Stroke in adults represents one of the main causes of mortality and acquired disability in the world. (1)
Its effective treatment is time dependent, that is, the clinical outcomes depend on the time from the onset of symptoms to reperfusion/revascularization, either by intravenous thrombolysis or endovascular thrombectomy. (2) Early diagnosis and teamwork of health professionals are key to achieving better clinical results with fewer complications. (3)
Delays in treatment, handling errors or misunderstandings among the health teams are therefore risky situations for patients. (4) 3–4% of medical complications in stroke patients are supposedly due to human error, and 70% of them to team communication problems, misunderstandings, poor execution of orders or poor decisions.
There are multiple flow charts to manage patients with suspected stroke at optimal times. They cover various strategies to reduce inpatient care times, such as taking actions during the transfer, but many fail to mention the methods used to train these teams. (5)
Given the risk of hindering patient treatment, serious pathologies such as stroke offer fewer traditional training opportunities for young professionals. Given the natural ethical commitment of professionals to give timely treatment to patients, trainers must prioritize clinical care over the supervision of students or other members of the health team without achieving teaching objectives. (6)
Simulation and technologies applied to health education have emerged as valuable tools for the development of individual clinical skills and teamwork. They provide an environment of psychological security, without risk to patients and with the possibility of guaranteeing access to and opportunities for learning. Furthermore, they allow the delivery of specific feedback and the confirmation of achievements in areas not observable in the traditional models. (7)
There are reports of simulation programs to improve emergency care times based on the use of standardized patients (8) and on-site simulation programs that have reduced in-hospital times to thrombolysis. (9) In Latin America there are reports of simulation programs applied in Brazil, which have reduced door-to-needle times. (10)
There are also studies reporting multiple simulation programs at the undergraduate level. Some, aimed at nursing students for emergency management showed high satisfaction with simulation. (11) Other were interprofessional training programs based on the use of standardized patients that focus on rehabilitation and also proved to have high participant satisfaction.(12) In postgraduate neurology, it was shown that after the regular implementation of immersive simulation programs for handling stroke codes, door-to-needle times were reduced. (13)

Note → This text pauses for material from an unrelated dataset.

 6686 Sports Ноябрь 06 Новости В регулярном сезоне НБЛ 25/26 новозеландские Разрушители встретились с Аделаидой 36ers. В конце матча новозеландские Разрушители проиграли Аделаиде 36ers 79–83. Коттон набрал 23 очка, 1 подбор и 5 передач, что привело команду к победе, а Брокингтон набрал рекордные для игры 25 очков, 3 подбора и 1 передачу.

The use of mobile communication systems associated with motion tracking has been reported as a useful technology to improve coordination between professionals from pre-hospital and in-hospital systems and thus reduce stroke care time from the onset of symptoms. (14)

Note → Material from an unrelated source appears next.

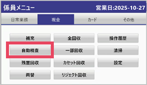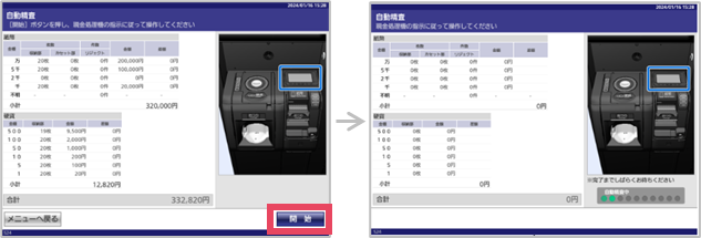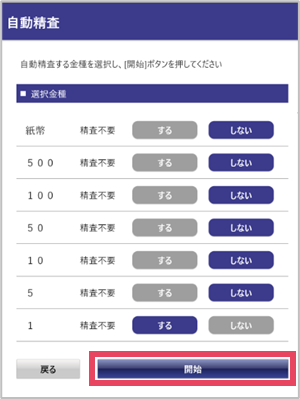 ③自動精査する金種を選択し、[開始]をタップ

We did not find reports in the literature of interprofessional training programs that use various simulation modalities combined; mobile communication systems associated with movement tracking technologies emulating the joint work of prehospital and hospital care levels.
The following study reports the self-perception of knowledge, self-confidence and satisfaction of an interprofessional group that used various methodologies in order to improve the training process of pre-hospital and in-hospital health teams in the initial management of stroke. Our hypothesis is that interprofessional training for the management of Stroke, through virtual simulation, simulation with standardized patients and a patient tracking application of clinical processes fosters both learning and confidence at the time of decision-making of health personnel.